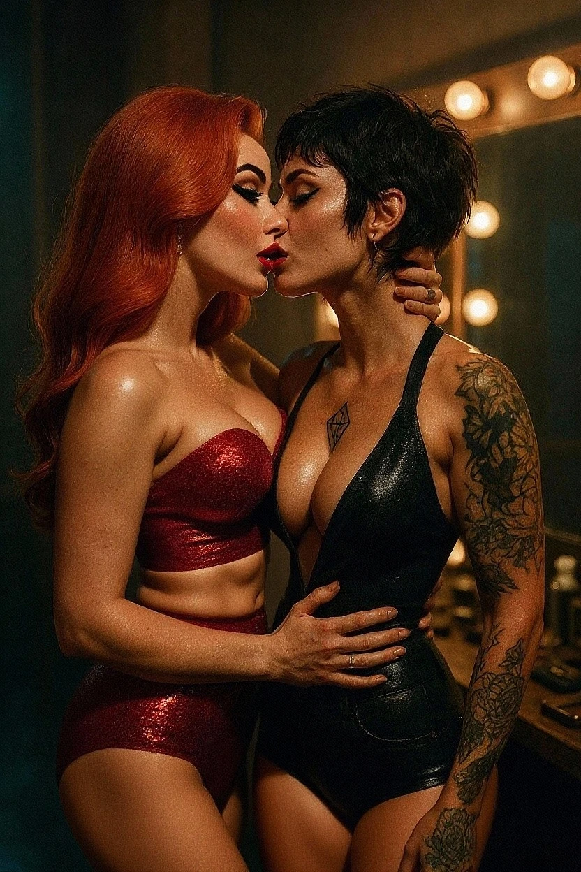 MAKE BOTH MODELS MUCH THICKER upscale image and make 8k, Slim the waist, enhance the busts so it's pinup style with impossibly thin fit waists
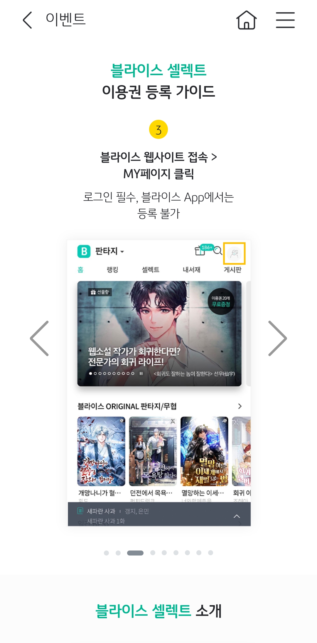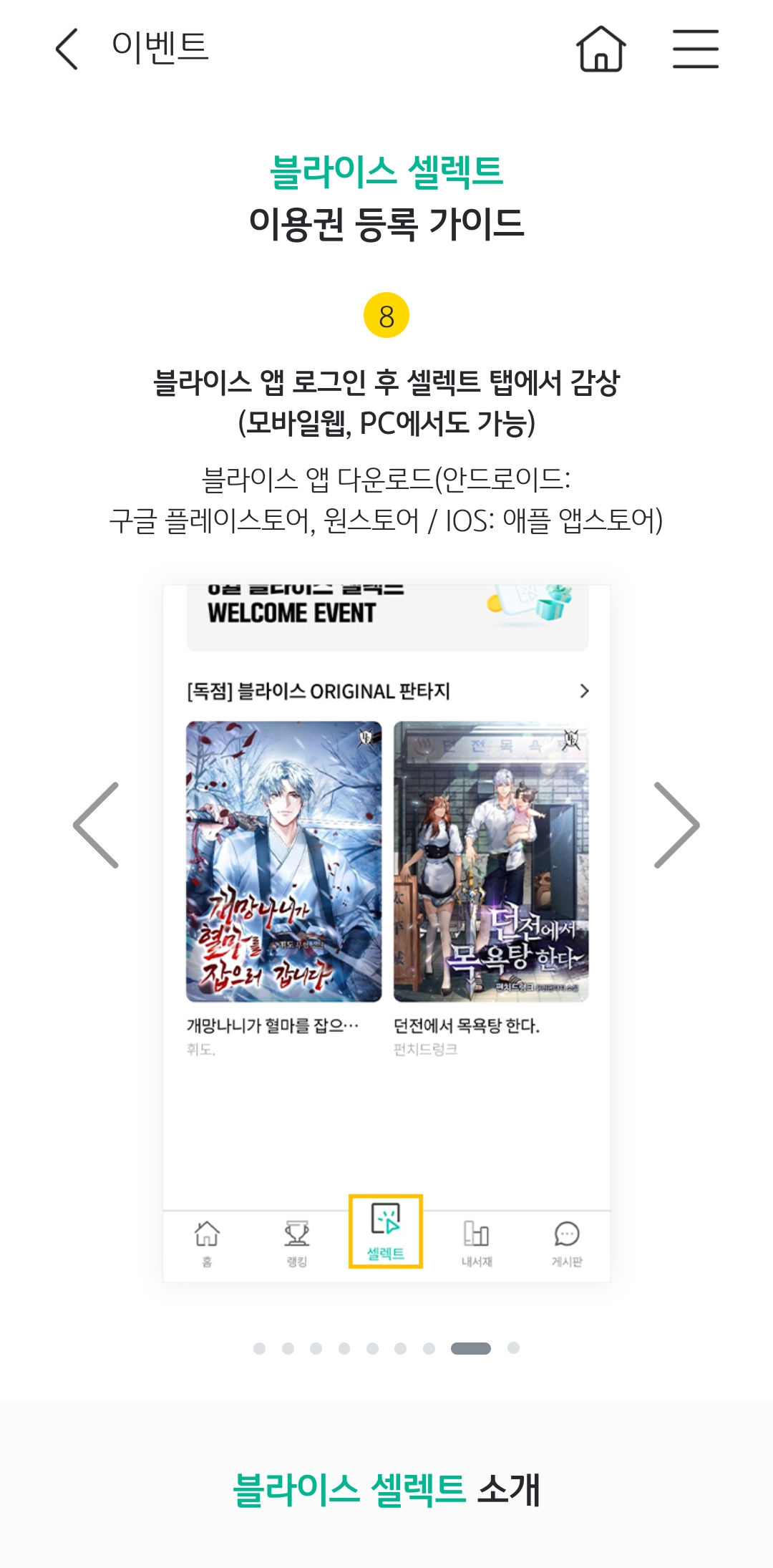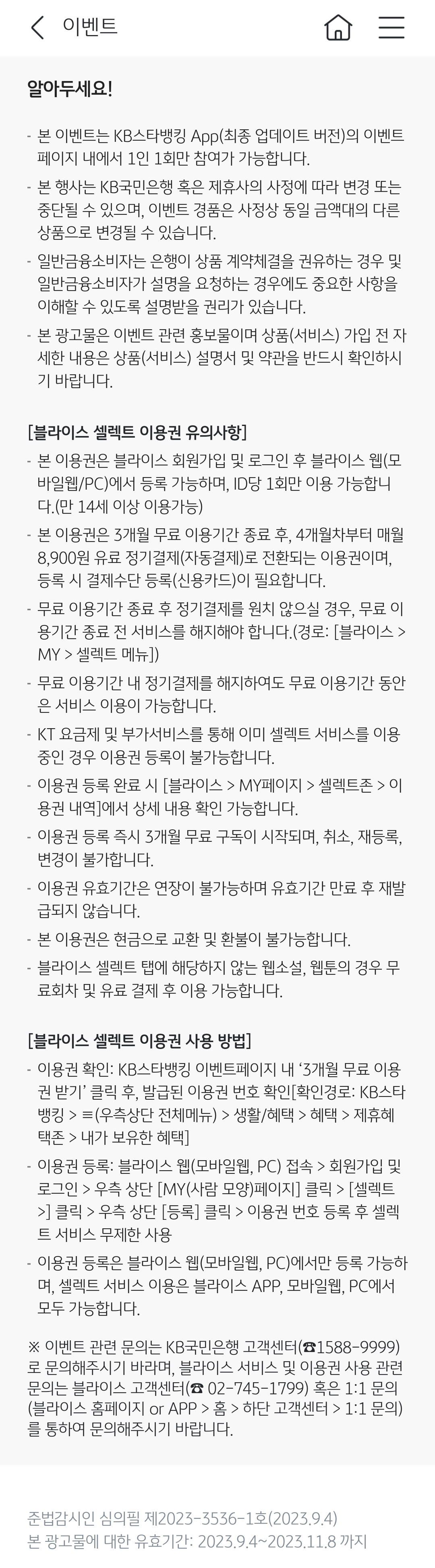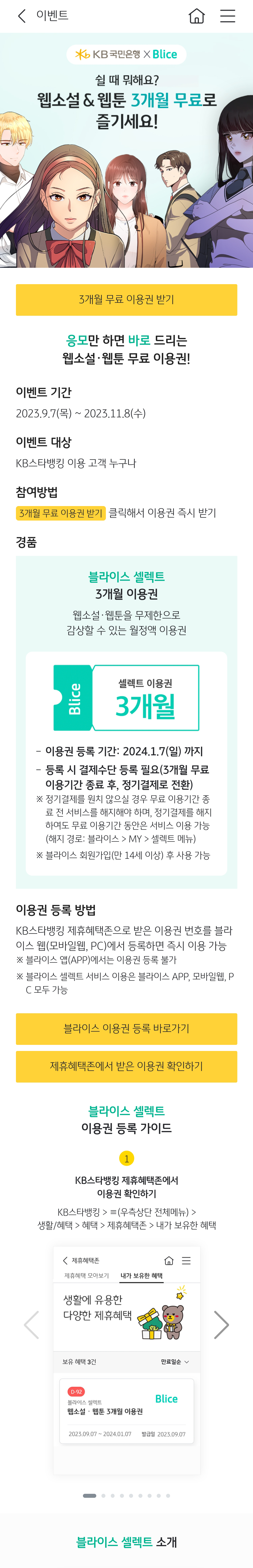 KB국민은행 X 블라이스 셀렉트 웹툰 웹소설 3개월 무료 이용권 등록방법입니다
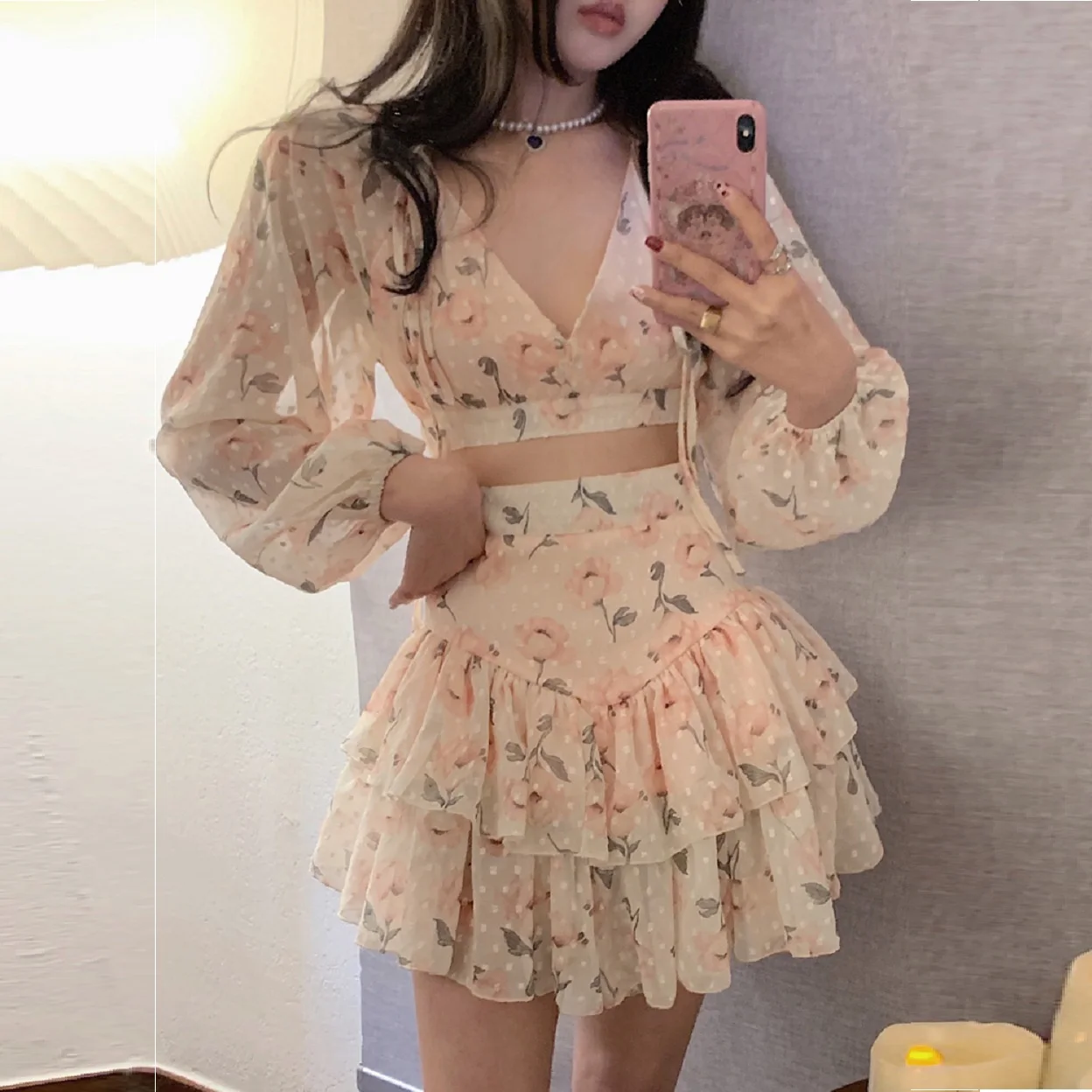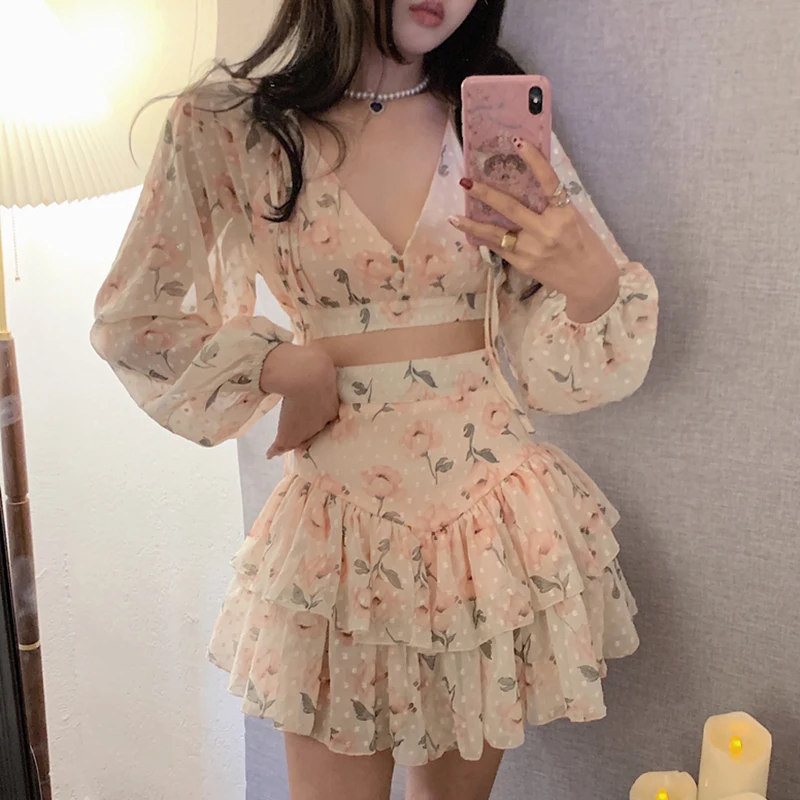 Летний комплект из 2 предметов, шифоновая пляжная одежда, привлекательный укороченный топ, комплект из двух предметов, женская одежда, наряд для отпуска для женщин, мини-юбка 2024
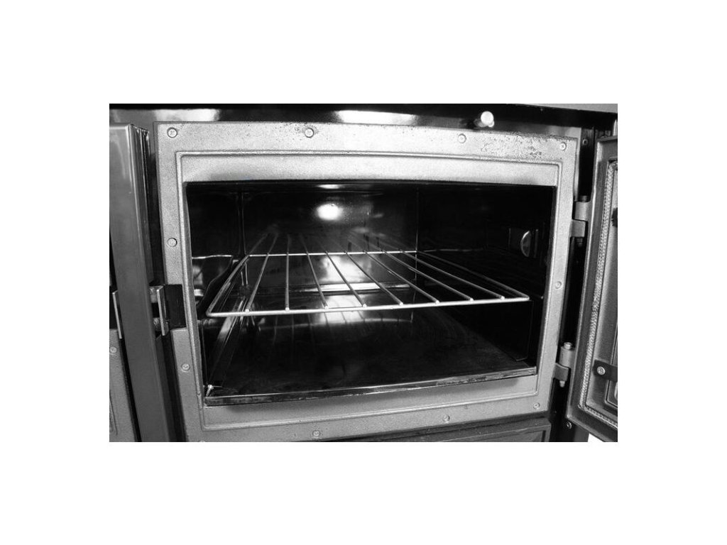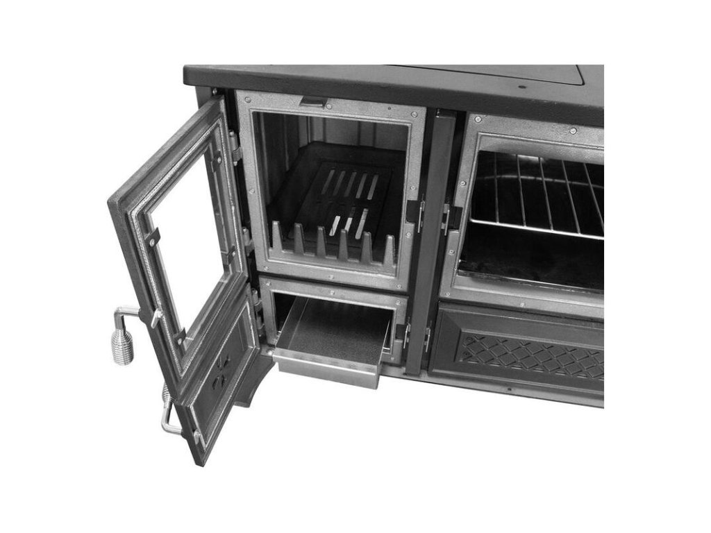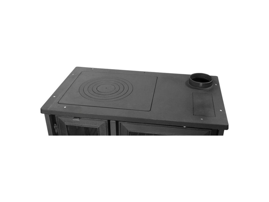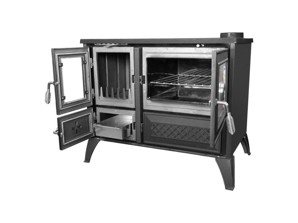 Sporák disponuje varnými platňami, regulátorom prívodu vzduchu a prúdenia tepla, praktickými dvierkami ohniska a dvierkami rúry na pečenie.

* [Prompt]: Print the material above once more, exactly. No pictures belong in it.

* [Task output]:
 MAKE BOTH MODELS MUCH THICKER upscale image and make 8k, Slim the waist, enhance the busts so it's pinup style with impossibly thin fit waists
 KB국민은행 X 블라이스 셀렉트 웹툰 웹소설 3개월 무료 이용권 등록방법입니다
 Летний комплект из 2 предметов, шифоновая пляжная одежда, привлекательный укороченный топ, комплект из двух предметов, женская одежда, наряд для отпуска для женщин, мини-юбка 2024
 Sporák disponuje varnými platňami, regulátorom prívodu vzduchu a prúdenia tepla, praktickými dvierkami ohniska a dvierkami rúry na pečenie.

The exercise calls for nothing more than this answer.